Kammron Taylor

Personal information
- Born: August 28, 1984 (age 41) Chicago, Illinois, U.S.
- Listed height: 6 ft 2 in (1.88 m)
- Listed weight: 175 lb (79 kg)

Career information
- High school: North Community (Minneapolis, Minnesota)
- College: Wisconsin (2003–2007)
- NBA draft: 2007: undrafted
- Playing career: 2007–2016
- Position: Point guard

Career history
- 2007–2008: CB L'Hospitalet
- 2008: Kepez Belediyesi
- 2008–2009: Beirasar Rosalía
- 2009–2010: STB Le Havre
- 2010: Szolnoki Olaj
- 2011: Keravnos
- 2011: Guerreros de Bogotá
- 2012: Dnipro-Azot
- 2012–2013: Neckar RIESEN Ludwigsburg
- 2013–2014: Maine Red Claws
- 2015: Gigantes de Guayana
- 2016: Saint John Riptide

Career highlights
- Honorable Mention All-Big Ten (2006); Second-team All-Big Ten (2007);

= Kammron Taylor =

American professional basketball player (born 1984)

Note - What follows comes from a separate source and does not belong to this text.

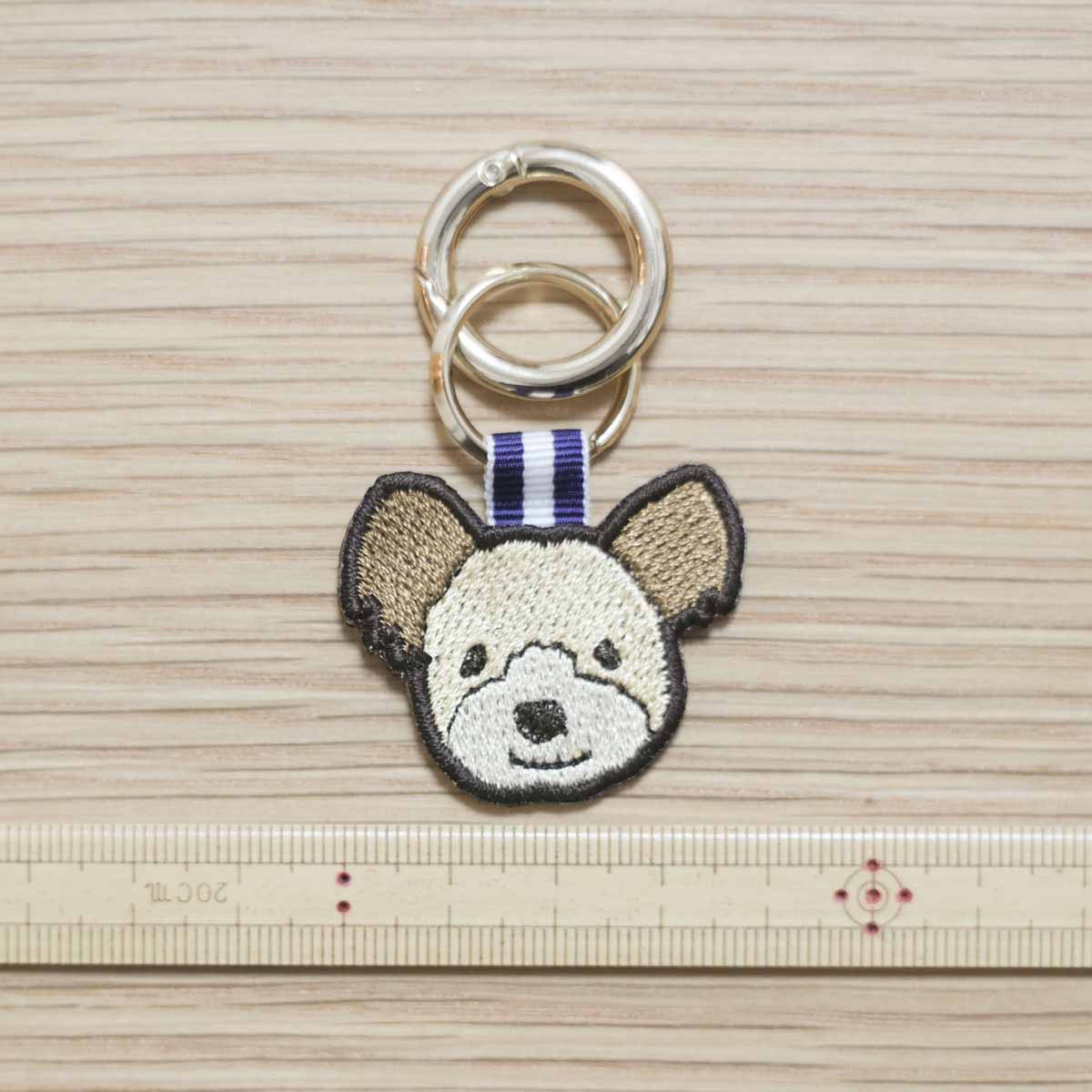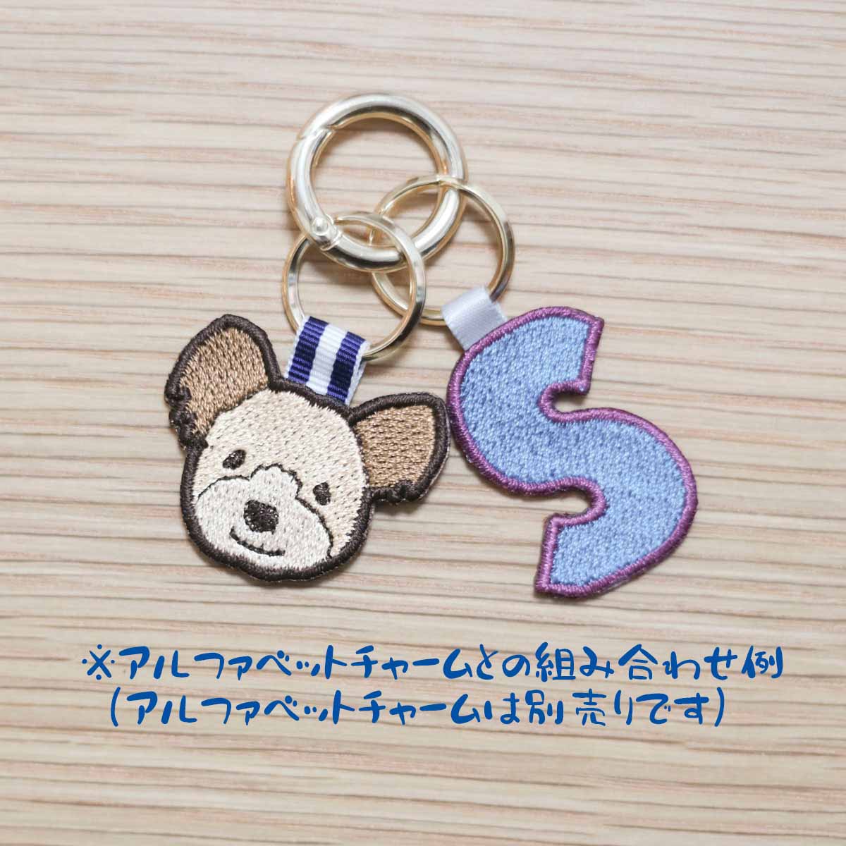 両面刺繍の愛らしいドッグチャーム、刺繍チャームはとても軽量で、首輪に付けたり、ハーネスに取り付けたり、リードの接続部分に取り付けたりと、様々な使い方ができます。お散歩バッグのチャームにも使えます。
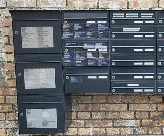 Für bestehende Briefkastenanlagen bietet PAKETIN eine einfache Lösung zur Nachrüstung: einklickbare Rahmen, die mühelos von vorne in die vorhandenen Öffnungen eingesetzt werden. Die digitalen Schilder werden von innen fixiert – für eine sichere, moderne und elegante Beschriftung ohne großen Aufwand.

Kammron Taylor (born August 28, 1984) is an American professional basketball player who last played for the Saint John Riptide of the National Basketball League of Canada. He played college basketball for the University of Wisconsin–Madison.

==Early life==
Taylor played basketball with his older brother, Kerek, in their garage in the backyard of their home in Minneapolis, Minnesota. Their father, Kenneth, kept the garage pitch black so the brothers would learn to dribble without seeing the ball. He attended North Community High School where he played basketball, football and tennis.

==College career==
Taylor was an honorable mention all-conference pick as a junior with the Wisconsin Badgers, when he averaged 14.2 points, 3.0 rebounds and 2.4 assists per game. After struggling late in the season, he improved his diet and entered his senior year more muscular.

In his senior season, he was named to the All-Big Ten second team and the Big Ten All-Tournament team. In 36 games, he averaged 13.3 points, 2.3 rebounds and 1.9 assists per game.

==Professional career==
After going undrafted in the 2007 NBA draft, Taylor joined the Minnesota Timberwolves for the 2007 NBA Summer League. He later signed with CB L'Hospitalet of the Spanish LEB Oro for the 2007–08 season.

In 2008, Taylor signed with Kepez Belediyesi of the Turkish Basketball League for the 2008–09 season. In December 2008, left Turkey and returned to Spain to play with Beirasar Rosalía.

In July 2009, he signed with STB Le Havre of the French League for the 2009–10 season. In February 2010, he left France and signed with Szolnoki Olaj of Hungary for the rest of the season.

On November 1, 2010, he was selected by the Iowa Energy in the 3rd round of the 2010 NBA D-League draft. On November 17, 2010, he was waived by the Energy. In January 2011, he signed with Keravnos of Cyprus for the rest of the 2010–11 season. He later left Keravnos after 2 games and joined Guerreros de Bogotá for the 2011 Baloncesto Profesional Colombiano season.

In January 2012, he signed with Panteras de Miranda for the 2012 LBP season. In February 2012, he left Panteras and signed with BC Dnipro-Azot for the rest of the 2011–12 season.

In July 2012, he re-joined the Minnesota Timberwolves for the 2012 NBA Summer League. In August 2012, he signed with Neckar RIESEN Ludwigsburg of the German Basketball Bundesliga. On January 21, 2013, he was released.

On September 30, 2013, he signed with the Boston Celtics. However, he was later waived by the Celtics on October 26, 2013. On October 31, 2013, he was acquired by the Maine Red Claws as an affiliate player. On January 4, 2014, he was waived by the Red Claws due to a season-ending knee injury.

In January 2015, he joined the Gigantes de Guayana of the Venezuelan Liga Profesional de Baloncesto. He left the team in late April, and in 28 games, he averaged 11.8 points, 2.2 rebounds and 2.6 assists per game.

On November 10, 2016, he signed with the Saint John Riptide for the 2016–17 NBL Canada season.